Linda Ho, directrice des ressources humaines chez Seismic, ne croit pas qu’un retour complet au bureau soit nécessaire. Elle préfère donner à ses collaborateurs les moyens d’être productifs selon leurs propres conditions, plutôt que de constater physiquement leur présence au travail jour après jour.
« Notre priorité numéro un est – et a toujours été – de garder nos équipes heureuses et productives », affirme Ho. « Si aller au bureau n’aboutit pas à ce résultat pour certains employés, ils peuvent tout à fait rester en télétravail. »
Du point de vue des talents, proposer des postes à distance a l’avantage évident d’éliminer la géographie comme critère clé et d’élargir le vivier de candidats.
« Nous avons adopté le modèle tout-télétravail, explique Daniel Cooper, associé directeur de Lolly, une agence britannique de développement de logiciels. Nous étions une entreprise hybride avant le Covid, mais les avantages inattendus du 100% télétravail nous ont conduits à fermer définitivement nos bureaux. Un des plus grands bénéfices, c’est que nous pouvons désormais recruter les meilleurs talents, où qu’ils se trouvent. Cela a considérablement élargi notre vivier de compétences et nous donne un avantage concurrentiel. »

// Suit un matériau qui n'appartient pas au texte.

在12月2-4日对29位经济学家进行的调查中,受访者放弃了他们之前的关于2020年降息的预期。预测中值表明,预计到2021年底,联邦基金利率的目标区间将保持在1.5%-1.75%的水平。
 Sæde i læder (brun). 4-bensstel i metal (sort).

Cooper admet que maintenir la culture dans ce nouvel environnement présente des défis. Elle doit être cultivée consciemment et de façon continue.

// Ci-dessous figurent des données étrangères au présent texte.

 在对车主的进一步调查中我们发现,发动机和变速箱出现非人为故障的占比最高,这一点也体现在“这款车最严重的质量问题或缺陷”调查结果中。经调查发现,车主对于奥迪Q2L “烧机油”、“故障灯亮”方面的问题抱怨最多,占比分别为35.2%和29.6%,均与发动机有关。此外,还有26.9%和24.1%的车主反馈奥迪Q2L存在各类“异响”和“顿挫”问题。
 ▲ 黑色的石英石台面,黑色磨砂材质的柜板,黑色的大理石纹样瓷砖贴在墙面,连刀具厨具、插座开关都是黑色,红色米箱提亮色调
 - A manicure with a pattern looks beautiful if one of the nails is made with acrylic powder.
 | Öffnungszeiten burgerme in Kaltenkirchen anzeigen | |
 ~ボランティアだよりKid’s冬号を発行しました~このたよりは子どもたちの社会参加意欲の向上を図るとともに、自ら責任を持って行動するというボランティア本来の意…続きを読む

Pour cela, Lolly organise régulièrement des activités de cohésion d’équipe à distance et encourage la communication ouverte par différents moyens pour entretenir la culture et renforcer la connexion de l’équipe.
« Fait intéressant, nous avons constaté une nette augmentation de la performance depuis la mise en place du télétravail. La flexibilité et le confort du travail à domicile boostent la productivité, explique Cooper. Cela pose aussi un nouveau défi : prévenir l’épuisement professionnel. Quand la sphère professionnelle fusionne avec la sphère privée, il est facile pour les salariés de trop travailler. »
Cependant, ces défis ne sont pas universels. Certains employés avaient déjà l’habitude de travailler à distance ou en mode hybride avant la pandémie et savent comment optimiser leurs performances dans ce contexte. D’autres ont encore besoin de la structure des bureaux et des bénéfices du travail en présentiel.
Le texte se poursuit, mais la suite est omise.